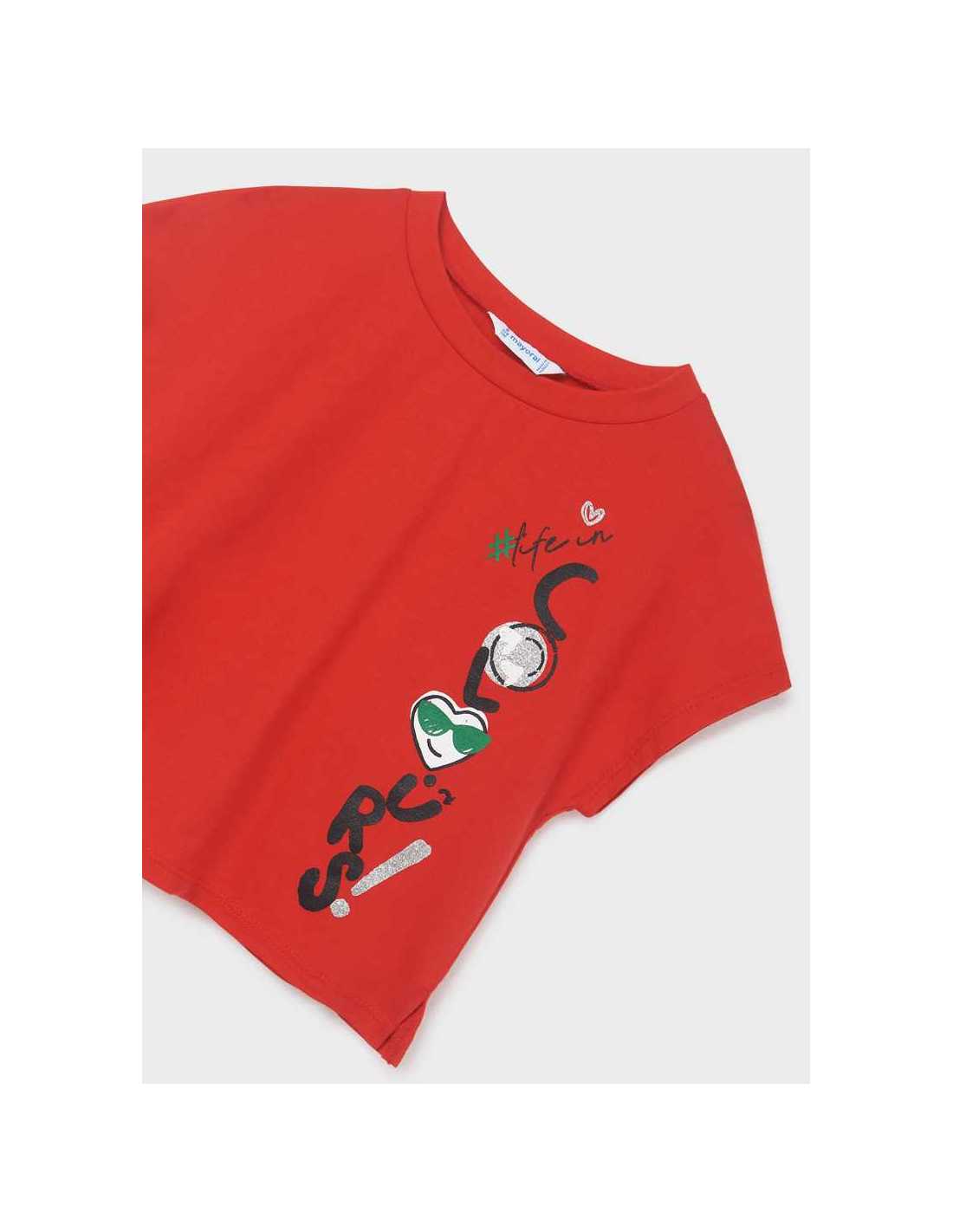 Camiseta de manga corta para chica. Cuello redondo. Tejido 100% algodón. Diseño estampado.
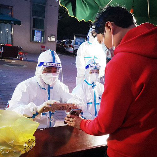 “第一次穿上‘大白服’有點(diǎn)不適應(yīng),從早到晚不停呼喊,白班夜班交替,有時(shí)飯來(lái)不及吃。當(dāng)有人對(duì)我說(shuō)謝謝‘大白’時(shí),我特別開(kāi)心?!奔紟煂W(xué)院志愿者劉許說(shuō)?!拔逡弧奔倨?,北京電控50名下沉干部承擔(dān)所在核酸檢測(cè)點(diǎn)維持秩序、衛(wèi)生消殺、身份證登記等工作。他們說(shuō):“我們度過(guò)了一個(gè)不同尋常的‘五一’,這個(gè)勞動(dòng)節(jié)過(guò)得特別有意義?!?/p>
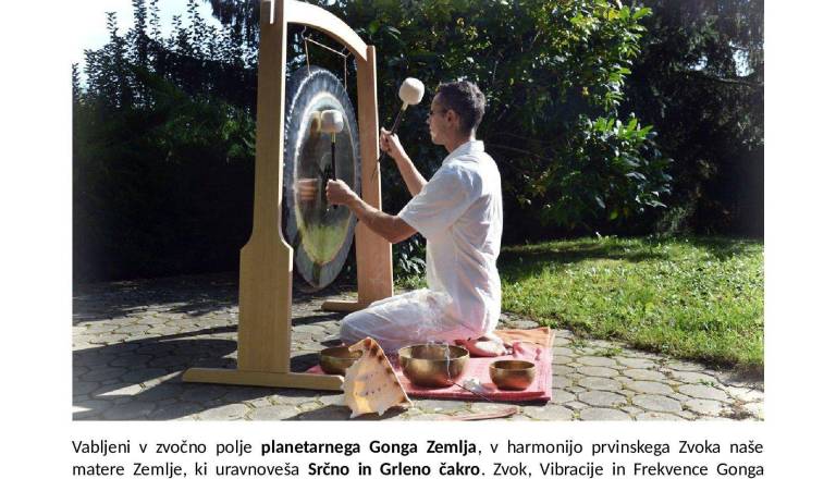 Vabljeni v zvočno polje planetarnega Gonga Zemlja, v harmonijo prvinskega Zvoka naše matere Zemlje, ki uravnoveša Srčno in Grleno čakro. Zvok, Vibracije in ...
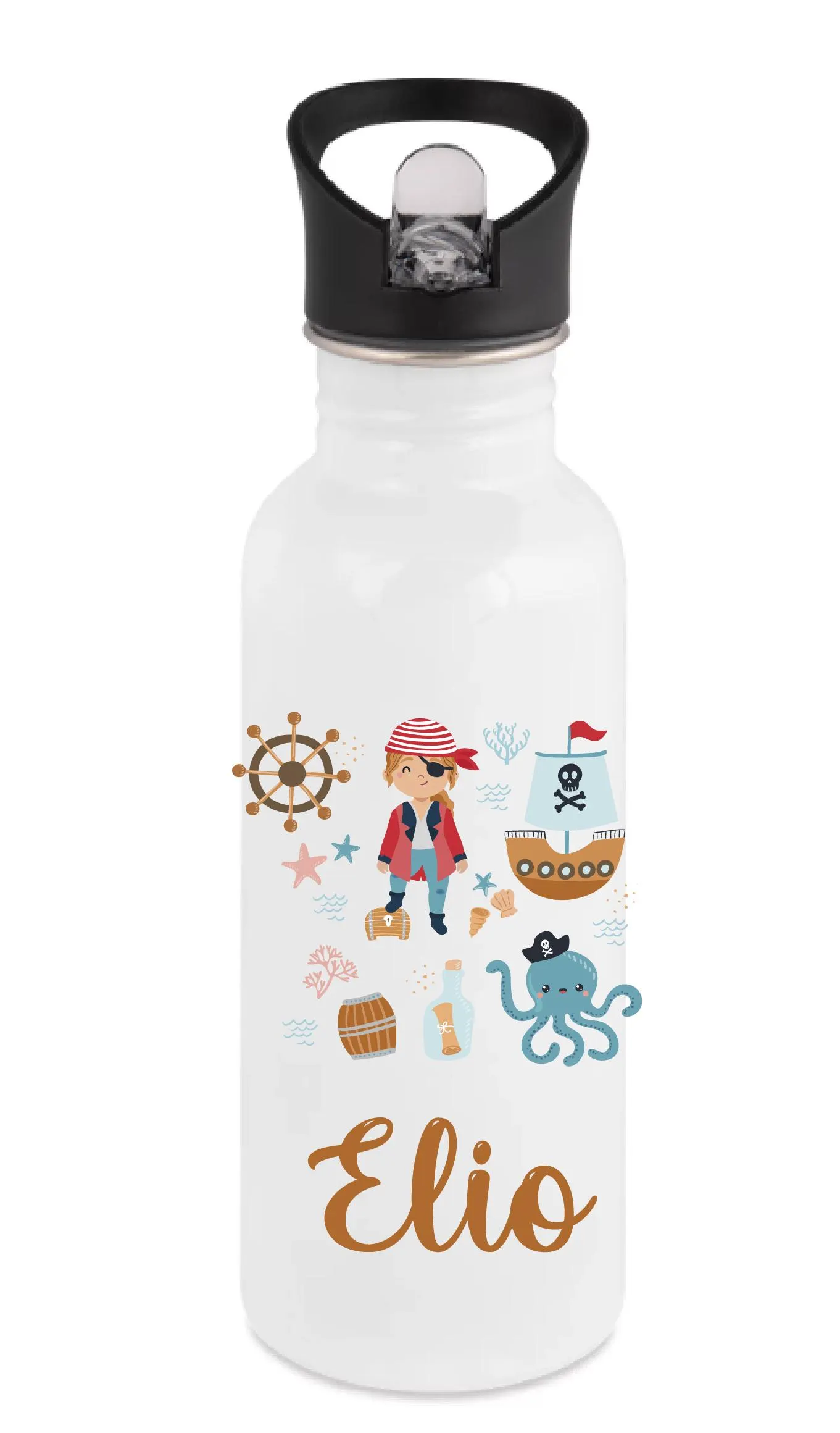 Gourde paille 600 ml personnalisée pirate – Prénom enfant – Indispensable rentrée scolaire
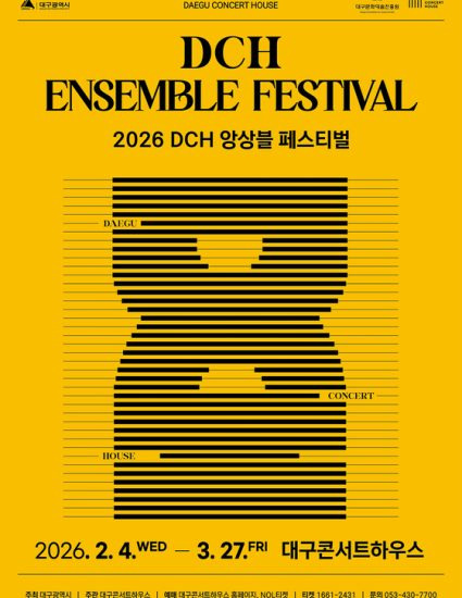 박창근 대구콘서트하우스 관장은 “DCH 앙상블 페스티벌은 실내악이 가진 내밀한 대화와 폭발적인 에너지를 가장 가까이서 느낄 수 있는 축제”라며 “국내외 우수 단체들의 연주와 지역 작곡가들의 창의적인 신작이 어우러지는 이번 무대를 통해 대구 시민들이 클래식 음악의 진정한 매력을 발견하시길 바란다”고 말했다.

→ Task requirements
Every line above must appear in the answer unchanged, and no picture may appear in it.

→ Response to this exercise
 Camiseta de manga corta para chica. Cuello redondo. Tejido 100% algodón. Diseño estampado.
 “第一次穿上‘大白服’有點(diǎn)不適應(yīng),從早到晚不停呼喊,白班夜班交替,有時(shí)飯來(lái)不及吃。當(dāng)有人對(duì)我說(shuō)謝謝‘大白’時(shí),我特別開(kāi)心?!奔紟煂W(xué)院志愿者劉許說(shuō)?!拔逡弧奔倨?,北京電控50名下沉干部承擔(dān)所在核酸檢測(cè)點(diǎn)維持秩序、衛(wèi)生消殺、身份證登記等工作。他們說(shuō):“我們度過(guò)了一個(gè)不同尋常的‘五一’,這個(gè)勞動(dòng)節(jié)過(guò)得特別有意義?!?/p>
 Vabljeni v zvočno polje planetarnega Gonga Zemlja, v harmonijo prvinskega Zvoka naše matere Zemlje, ki uravnoveša Srčno in Grleno čakro. Zvok, Vibracije in ...
 Gourde paille 600 ml personnalisée pirate – Prénom enfant – Indispensable rentrée scolaire
 박창근 대구콘서트하우스 관장은 “DCH 앙상블 페스티벌은 실내악이 가진 내밀한 대화와 폭발적인 에너지를 가장 가까이서 느낄 수 있는 축제”라며 “국내외 우수 단체들의 연주와 지역 작곡가들의 창의적인 신작이 어우러지는 이번 무대를 통해 대구 시민들이 클래식 음악의 진정한 매력을 발견하시길 바란다”고 말했다.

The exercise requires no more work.